I’m still not very fond of Ewoks. Of course, my tastes for all things cute and fuzzy are a tad jaded and heavily bruised from too many trolls biting at my heels. It bothers me when someone creates a thing solely as fan-service or to just make a buck.  I don’t want to get into a pissing contest about marketing. I know enough to accept the notion of sometimes you play to the crowd and sometimes you play for yourself.  I have had the opportunity afforded by time to re-watch this movie several times. I get it. It’s the ultimate happy ending. It’s just the plot suffers from what a lot of films that follow will also fall victim: special effects aren’t a movie by themselves. A director needs to actually DIRECT. Richard Marquand (the director), Lawrence Kasdan, and George Lucas (the writers) are top notch when it comes to setting the scene. The cantina or Jabba’s palace. Right in the middle of the space dogfights.  More aliens than I’ve ever seen on Star Trek. But the actors stumble through scenes like they’re daydreaming. There’s some real powerhouse talent there and it’s being pushed aside for flashy lights and weird noises.

I could do a walk-through of what I perceive are the plot-holes, but I won’t. I do not claim to be a film expert. I do not possess the proper skills to dissect a movie into clinical specimens for intense analysis. I’m just a man who’s looking back at his past with a weathered eye. When I was thirteen, the world was still so open. So large. If you missed an episode of a favorite show it felt like a wound to your very soul. Movies were little slices of Heaven. If you were lucky, your parents would let you go back and watch a movie again. We played outside. Computers were still strange expensive boxes very few actually understood. Puberty. I am also going to refrain from rattling on about Leia’s metal bikini. Somethings are just best left unspoken. Youth is wasted on the young. I wanted Return of the Jedi to be the high point of my life. It tainted my expectations and I went in with a false sense of what I wanted. I look now and accept it for what it is. Chapter Six of a nine part story played out in cinema. Bold. Innovative. To this day, there are scarce few film-makers attempting such a feat. I don’t get as worked up as I once did. I try to watch movies with fresh eyes.

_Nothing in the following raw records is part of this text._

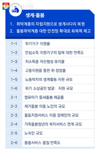영역별 지표를 살펴보면, 생계·돌봄 영역은 소득불균형과 사회적 위험 발생 등으로 증가하고 있는 취약계층 자립 지원을 위한 ‘생계 사다리 복원’과 인구‧가족구조 변화에 따른 ‘돌봄 취약계층 안전망 확대’를 목표로 한다.
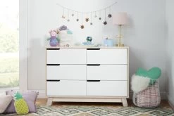 So many onesies, so little time… the babyletto Hudson 6-Drawer Double Dresser is here to help! An upgrade from our best-selling dresser, this six drawer version arrives fully assembled, ready out of the box to keep your babe’s wardrobe neat and organized. Complements the mid-century modern-inspired Hudson 3-in-1 Convertible Crib with matching angular feet. Versatile style to pair with other babyletto designs and fit in any modern bedroom.
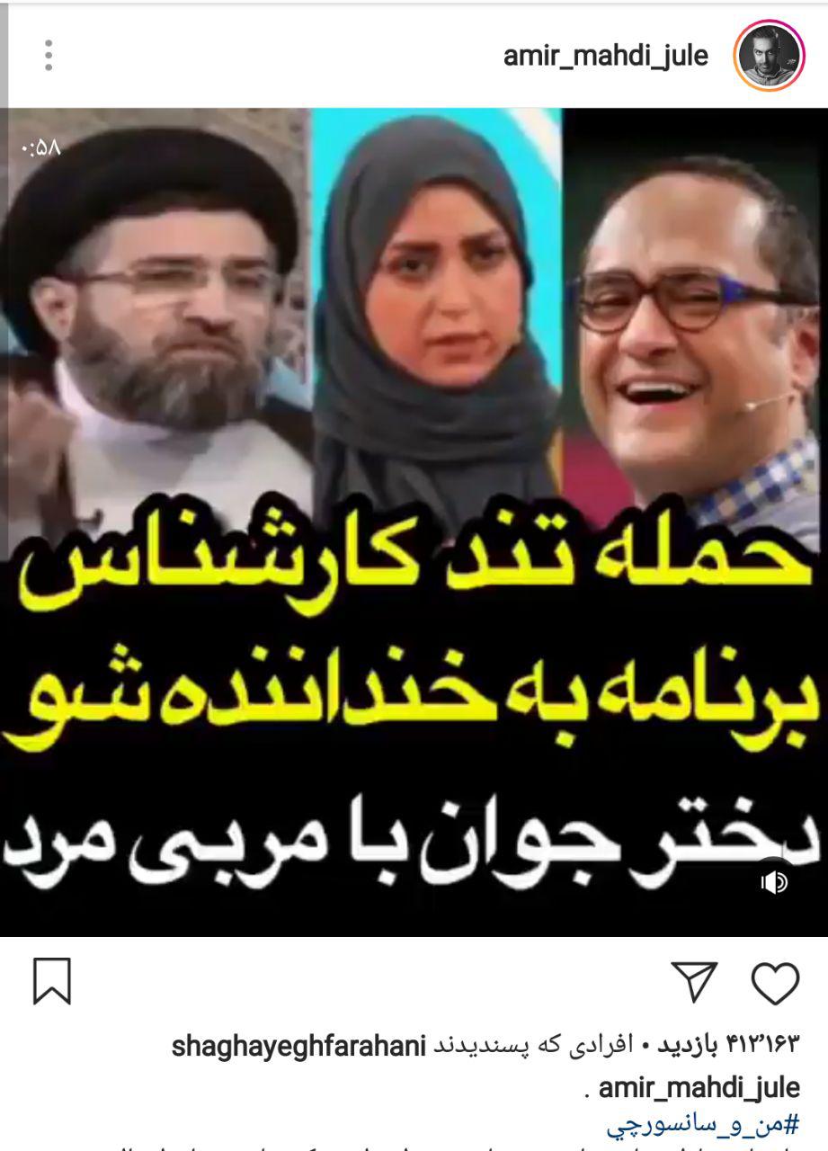 واکنش امیرمهدی ژوله به حمله تند کارشناس مذهبی تلویزیون به «خنداننده شو»/ عکس
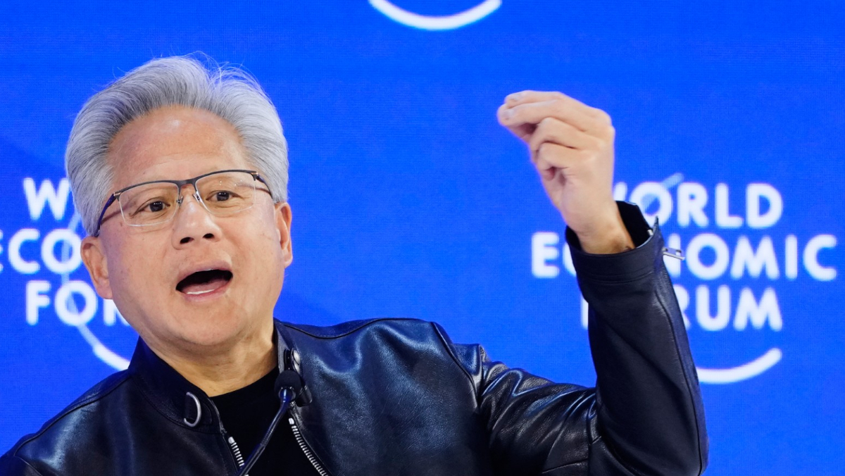 2026年1月21日,輝達創辦人兼執行長黃仁勳出席在瑞士達沃斯舉行的世界經濟論壇年會。美聯社
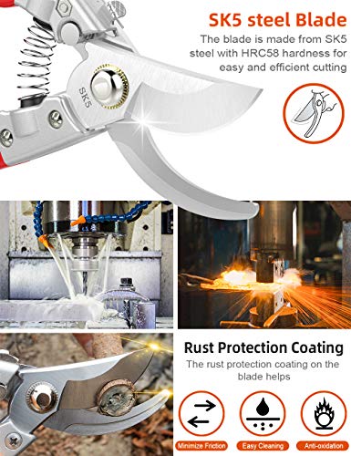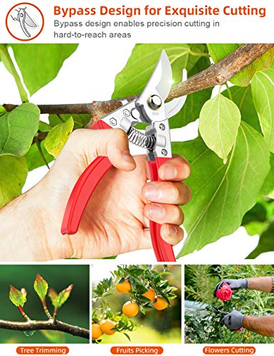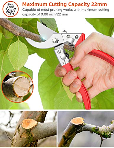- 【Fácil de usar & afilada】La tijera de podar está hecha de acero SK5 con una dureza de HRC58, que es muy afilada para podar fácilmente las ramas,rosales y plantas ornamentales de 2.2cm pero sin sin dañarlas.

The Star Wars Trilogy has become modern mythology. We still debate over it. We still cosplay the characters. We collect the toys. It is a part of us. Good or bad. Whatever your opinion, Return of the Jedi stands as a cornerstone. There have been worse since. God knows, one of these days I may talk about one of them. Or all of them. The Force flows through all things. May it be with you. Always.